╭──
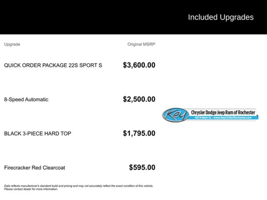Key Chrysler Dodge Jeep Ram of Rochester is proud to present you with another True Market Priced Pre-Owned Vehicle. Transparent Pricing Of $ 33999 !! This 2025 Jeep Wrangler Sport S is loaded with the following Factory Options: Quick Order Package 22S Sport S (Advanced Brake Assist, Automatic Headlamps, Corning Gorilla Glass, Deep Tint Sunscreen Windows, Enhanced Adaptive Cruise Control, Full Speed Forward Collision Warning Plus, Power Heated Mirrors, Premium Wrapped Steering Wheel, Security Alarm, Sun Visors w/Illuminated Vanity Mirrors, and Wheels: 17" x 7.5" Gray), 110 MPH Vehicle Max Speed Calibration, 3.45 Overall Top Gear Ratio, 4-Wheel Disc Brakes, 8 Speakers, ABS brakes, Air Conditioning, AM/FM radio: SiriusXM, Apple CarPlay/Android Auto, Aux Battery, Black 3-Piece Hard Top, Brake assist, Cloth Low-Back Bucket Seats, Compass, Delay-off headlights, Driver door bin, Driver vanity mirror, Dual front impact airbags, Dual front side impact airbags, Electronic Stability Control, Freedom Panel Storage Bag, Front anti-roll bar, Front Bucket Seats, Front Center Armrest w/Storage, Front fog lights, Front reading lights, Illuminated entry, Integrated roll-over protection, Low tire pressure warning, Non-Lock Fuel Cap w/o Discriminator, Normal Duty Suspension, Occupant sensing airbag, Outside temperature display, Overhead airbag, Panic alarm, ParkView Rear Back-Up Camera, Passenger door bin, Passenger vanity mirror, Power steering, Power windows, Radio data system, Radio: Uconnect 5 w/12.3" Display, Rear anti-roll bar, Rear reading lights, Rear Window Defroster, Rear Window Wiper/Washer, Remote keyless entry, Speed control, Split folding rear seat, Steering wheel mounted audio controls, Stop-Start Dual Battery System, Tachometer, Telescoping steering wheel, Tilt steering wheel, Traction control, Trip computer, Variably intermittent wipers, and Wheels: 17" x 7.5" Black Steel Styled!!
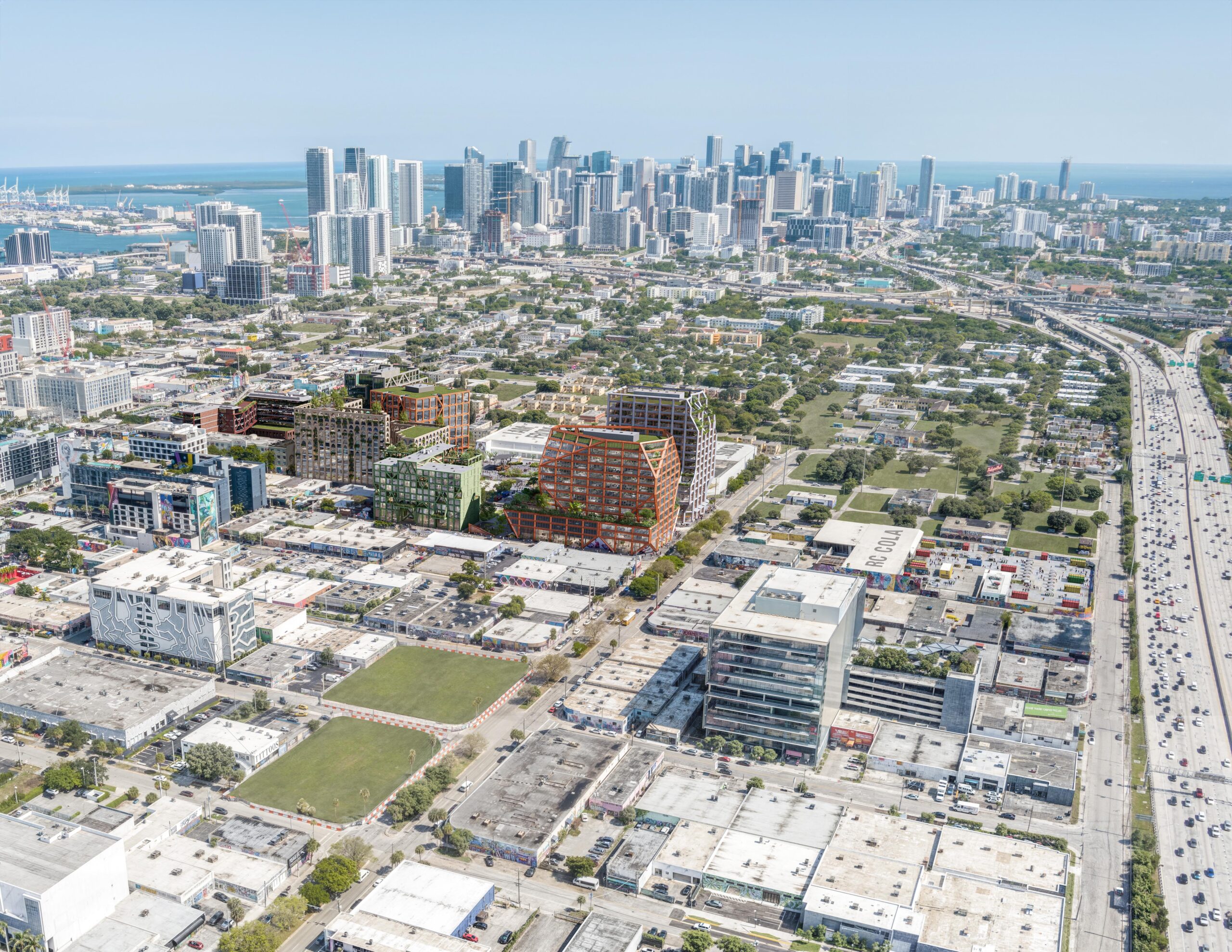 The Wynwood Incubator, located in the vibrant Wynwood Arts District, is a 450,000-square-foot, 12-story Class-A office building. This cutting-edge structure exemplifies contemporary design and sustainability, seamlessly integrating with the artistic ambiance of the district. The tower leverages its prime location to enhance the public space’s vibrancy, providing stunning views and moments of connection with nature. Advanced green technologies are a cornerstone of its design, setting a new standard for eco-friendly office spaces in the area.
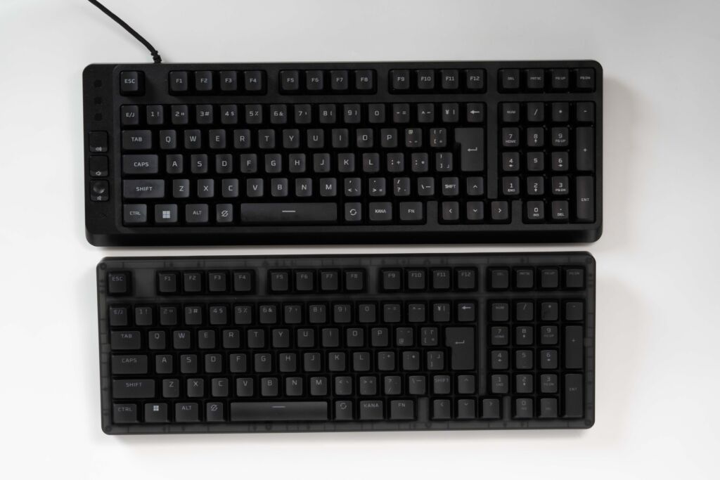 テンキーは欲しい、でもフルサイズは横に広すぎる、マウススペースも確保したい、という人にとって、非常にバランスの取れた配列です。この点は両モデル共通のメリットです。
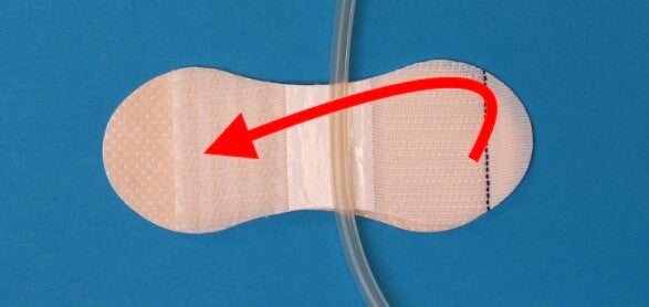 Trek het beschermpapier aan de achterkant eraf en plak de fixatie op een geschikte plaats op de gereinigde en ontvette huid. Verwijder vervolgens de beschermfolie van het klittenband, zoals op de foto, en steek de slang in het kleefvlak. Vervolgens de flap met klittenband sluiten, nogmaals licht aandrukken en de slang is veilig bevestigd.
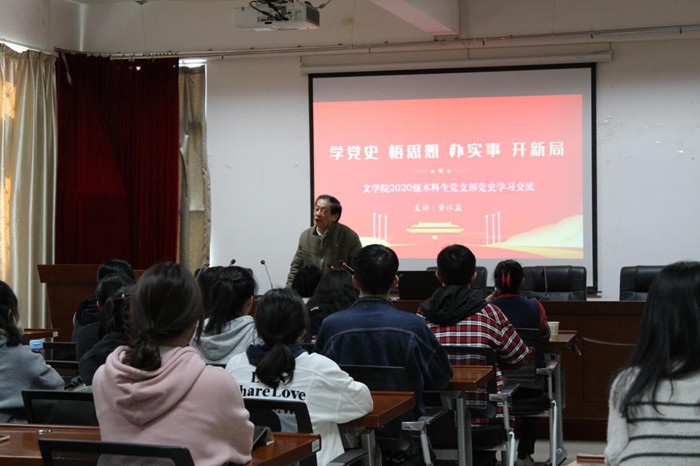 近日,文学院邀请全国最美志愿者、福建省优秀共产党员、韦德(中国)退休教师黄以孟同志与2020级全体党员、入党积极分子分享党史学习心得。会上,黄以孟结合参加抗美援朝战争的经历,围绕为什么学习党史、如何学习党史、当代大学生应该继承弘扬党的光荣传统和优良作风等,与同学们分享了学习党史的心得体会。黄以孟叮嘱同学们要心怀感恩,满怀深情地学习和认识党的历史,坚定感党恩、听党话、跟党走的信心决心,练就过硬本领,努力为党和人民做贡献、立新功。(文学院)
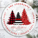 Ajoutez la touche finale à vos enveloppes, cartes de Noël et à votre poste avec cette étiquette unique d'adresse de retour de Noël de pompier - Ligne rouge mince, plaid noir et rouge et parties scintillant rouges sur un motif arrière - plan de parties scintillant de neige argentée. Personnalisez avec le nom de famille et l'adresse. Cette étiquette d'adresse de retour de Noël du pompier est parfaite pour les familles de pompiers ou les cartes de Noël du service des incendies. DROIT D'AUTEUR © 2020 Judy Burrows, Black Dog Art - Tous droits réservés. Pompier Arbre de Noël Adresse de retour Sticker rond classique
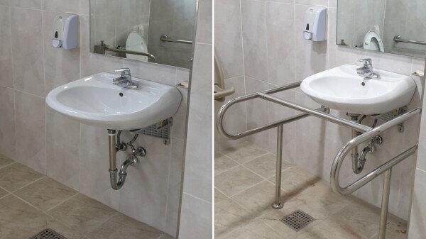 화장실 이용 편의를 위해 자동문 버튼의 높이를 낮추고 세면대에 보조 손잡이와 비상시 이용 가능한 도움벨을 추가 장착했다.
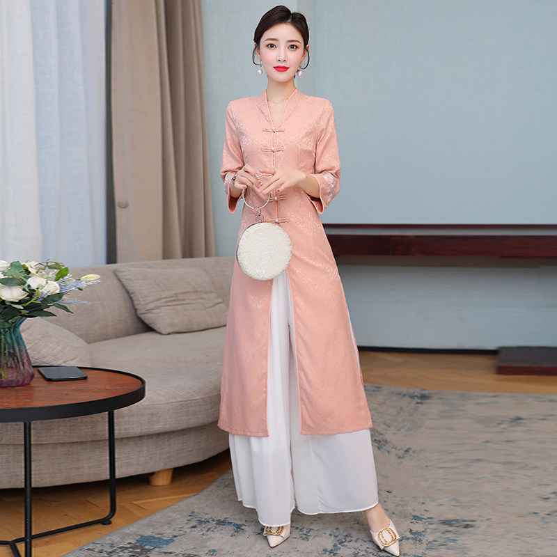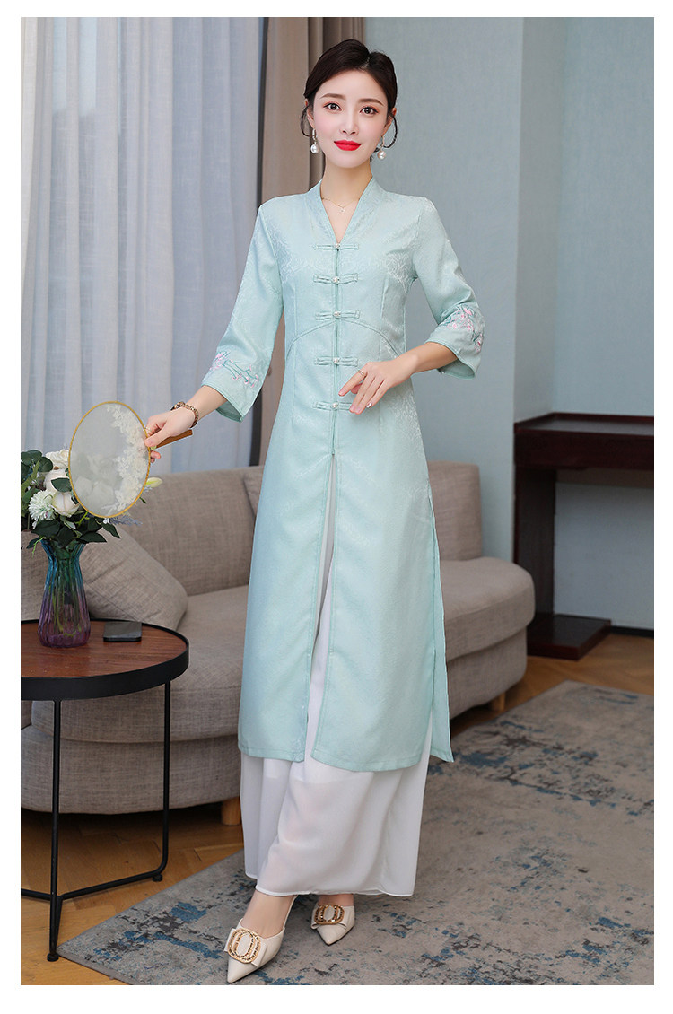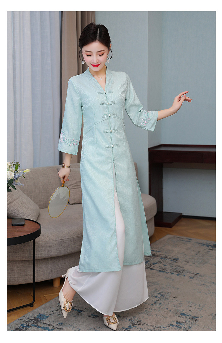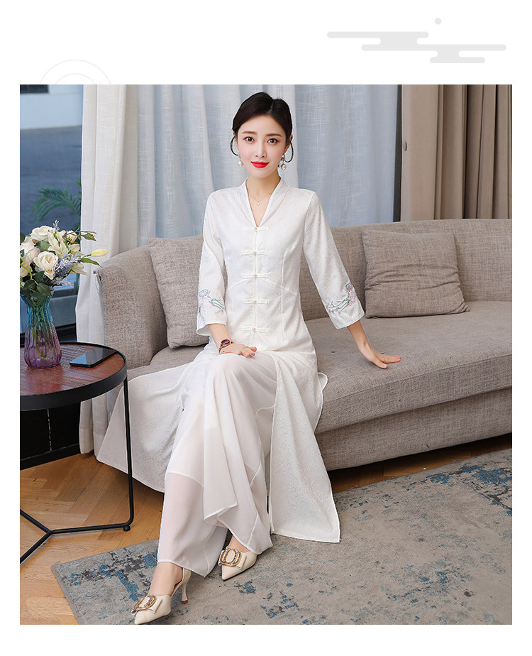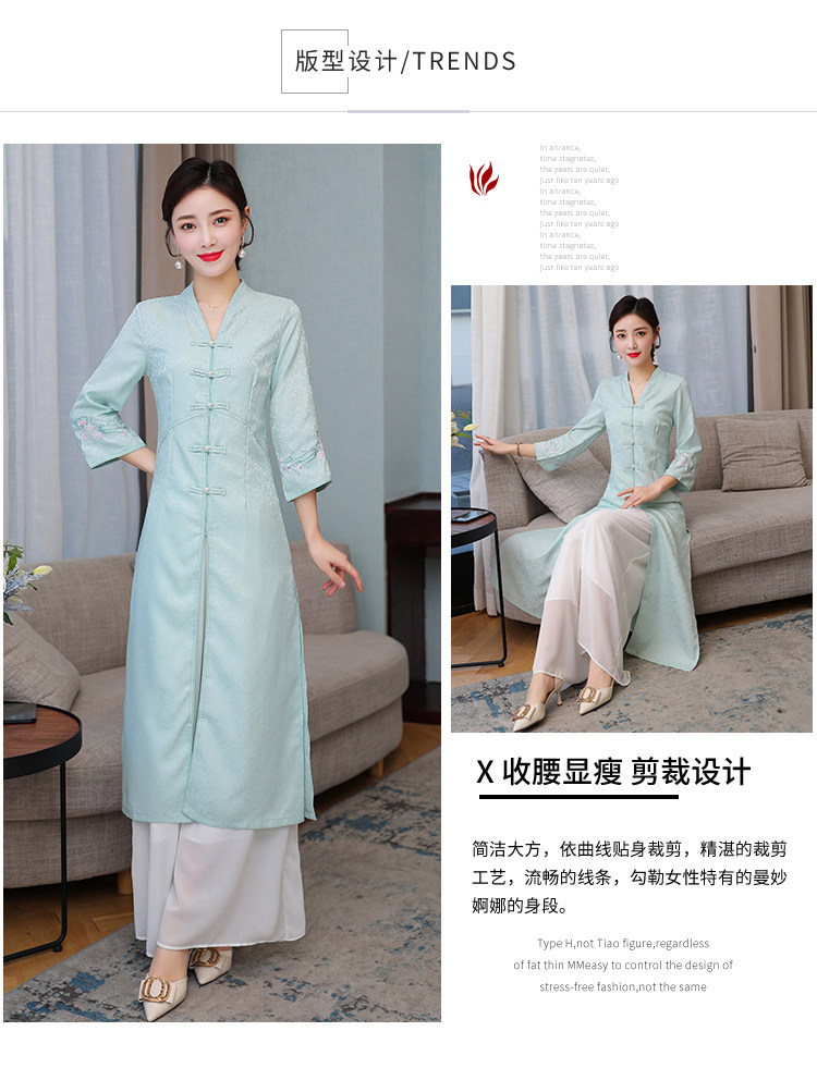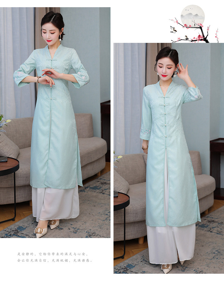 Летнее ципао, ретро длинная юбка, коллекция 2021, с вышивкой, средней длины
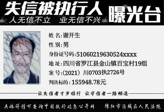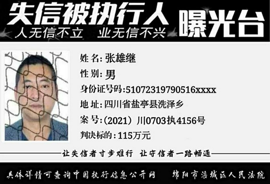 快看!绵阳最新一批“老赖”曝光!附头像、住址、身份证…
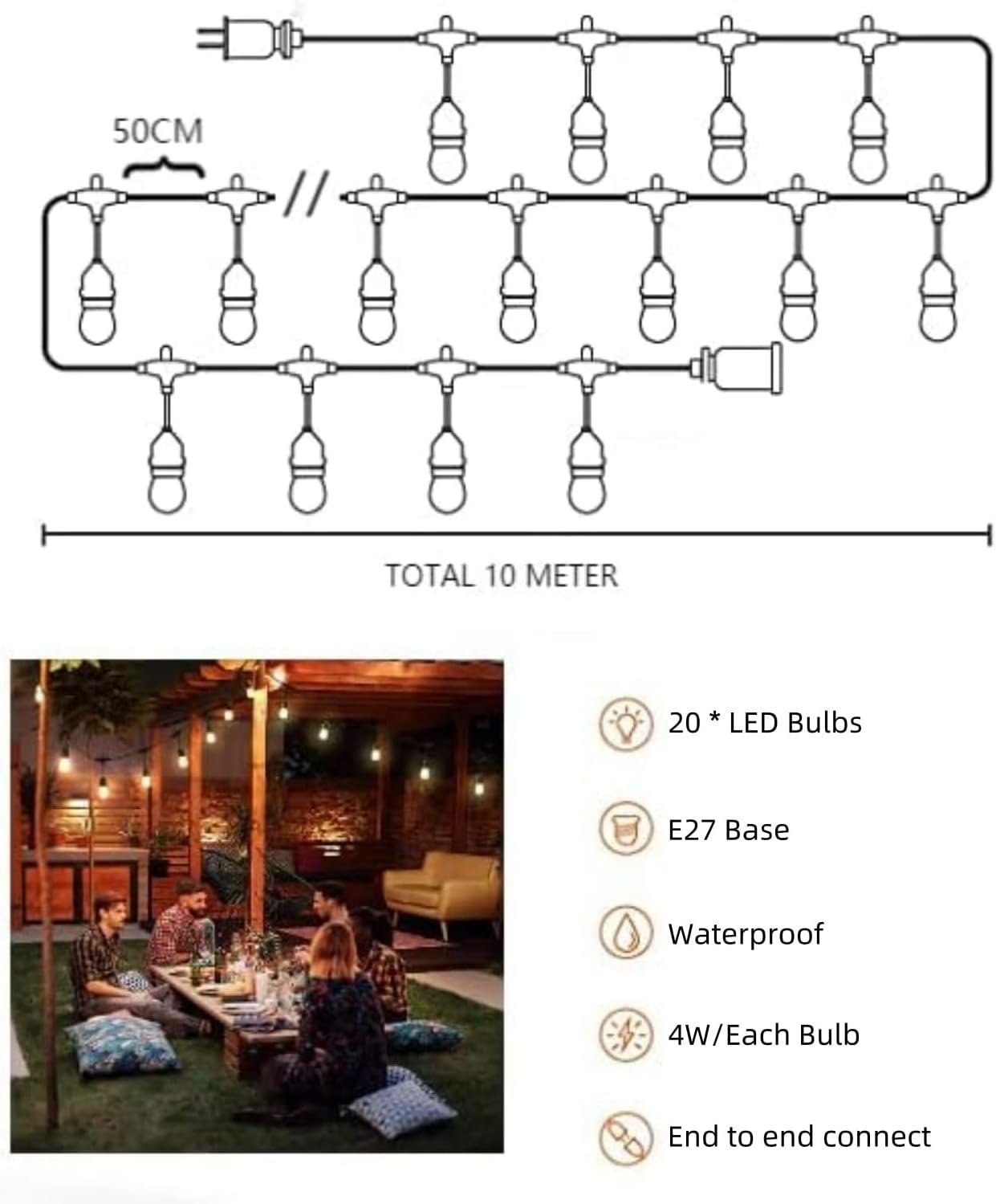 • 【33ft LED String Lights】This outdoor light comes with 20 LED bulbs. Each bulb is 50cm apart for a total length of 10 meters. It supports an end-to-end connection of up to 10 strings, allowing you to customize the length you need.
╰──
Task goal
Take the entries above and restate them word for word, minus their images.

Completed task
Key Chrysler Dodge Jeep Ram of Rochester is proud to present you with another True Market Priced Pre-Owned Vehicle. Transparent Pricing Of $ 33999 !! This 2025 Jeep Wrangler Sport S is loaded with the following Factory Options: Quick Order Package 22S Sport S (Advanced Brake Assist, Automatic Headlamps, Corning Gorilla Glass, Deep Tint Sunscreen Windows, Enhanced Adaptive Cruise Control, Full Speed Forward Collision Warning Plus, Power Heated Mirrors, Premium Wrapped Steering Wheel, Security Alarm, Sun Visors w/Illuminated Vanity Mirrors, and Wheels: 17" x 7.5" Gray), 110 MPH Vehicle Max Speed Calibration, 3.45 Overall Top Gear Ratio, 4-Wheel Disc Brakes, 8 Speakers, ABS brakes, Air Conditioning, AM/FM radio: SiriusXM, Apple CarPlay/Android Auto, Aux Battery, Black 3-Piece Hard Top, Brake assist, Cloth Low-Back Bucket Seats, Compass, Delay-off headlights, Driver door bin, Driver vanity mirror, Dual front impact airbags, Dual front side impact airbags, Electronic Stability Control, Freedom Panel Storage Bag, Front anti-roll bar, Front Bucket Seats, Front Center Armrest w/Storage, Front fog lights, Front reading lights, Illuminated entry, Integrated roll-over protection, Low tire pressure warning, Non-Lock Fuel Cap w/o Discriminator, Normal Duty Suspension, Occupant sensing airbag, Outside temperature display, Overhead airbag, Panic alarm, ParkView Rear Back-Up Camera, Passenger door bin, Passenger vanity mirror, Power steering, Power windows, Radio data system, Radio: Uconnect 5 w/12.3" Display, Rear anti-roll bar, Rear reading lights, Rear Window Defroster, Rear Window Wiper/Washer, Remote keyless entry, Speed control, Split folding rear seat, Steering wheel mounted audio controls, Stop-Start Dual Battery System, Tachometer, Telescoping steering wheel, Tilt steering wheel, Traction control, Trip computer, Variably intermittent wipers, and Wheels: 17" x 7.5" Black Steel Styled!!
 The Wynwood Incubator, located in the vibrant Wynwood Arts District, is a 450,000-square-foot, 12-story Class-A office building. This cutting-edge structure exemplifies contemporary design and sustainability, seamlessly integrating with the artistic ambiance of the district. The tower leverages its prime location to enhance the public space’s vibrancy, providing stunning views and moments of connection with nature. Advanced green technologies are a cornerstone of its design, setting a new standard for eco-friendly office spaces in the area.
 テンキーは欲しい、でもフルサイズは横に広すぎる、マウススペースも確保したい、という人にとって、非常にバランスの取れた配列です。この点は両モデル共通のメリットです。
 Trek het beschermpapier aan de achterkant eraf en plak de fixatie op een geschikte plaats op de gereinigde en ontvette huid. Verwijder vervolgens de beschermfolie van het klittenband, zoals op de foto, en steek de slang in het kleefvlak. Vervolgens de flap met klittenband sluiten, nogmaals licht aandrukken en de slang is veilig bevestigd.
 近日,文学院邀请全国最美志愿者、福建省优秀共产党员、韦德(中国)退休教师黄以孟同志与2020级全体党员、入党积极分子分享党史学习心得。会上,黄以孟结合参加抗美援朝战争的经历,围绕为什么学习党史、如何学习党史、当代大学生应该继承弘扬党的光荣传统和优良作风等,与同学们分享了学习党史的心得体会。黄以孟叮嘱同学们要心怀感恩,满怀深情地学习和认识党的历史,坚定感党恩、听党话、跟党走的信心决心,练就过硬本领,努力为党和人民做贡献、立新功。(文学院)
 Ajoutez la touche finale à vos enveloppes, cartes de Noël et à votre poste avec cette étiquette unique d'adresse de retour de Noël de pompier - Ligne rouge mince, plaid noir et rouge et parties scintillant rouges sur un motif arrière - plan de parties scintillant de neige argentée. Personnalisez avec le nom de famille et l'adresse. Cette étiquette d'adresse de retour de Noël du pompier est parfaite pour les familles de pompiers ou les cartes de Noël du service des incendies. DROIT D'AUTEUR © 2020 Judy Burrows, Black Dog Art - Tous droits réservés. Pompier Arbre de Noël Adresse de retour Sticker rond classique
 화장실 이용 편의를 위해 자동문 버튼의 높이를 낮추고 세면대에 보조 손잡이와 비상시 이용 가능한 도움벨을 추가 장착했다.
 Летнее ципао, ретро длинная юбка, коллекция 2021, с вышивкой, средней длины
 快看!绵阳最新一批“老赖”曝光!附头像、住址、身份证…
 • 【33ft LED String Lights】This outdoor light comes with 20 LED bulbs. Each bulb is 50cm apart for a total length of 10 meters. It supports an end-to-end connection of up to 10 strings, allowing you to customize the length you need.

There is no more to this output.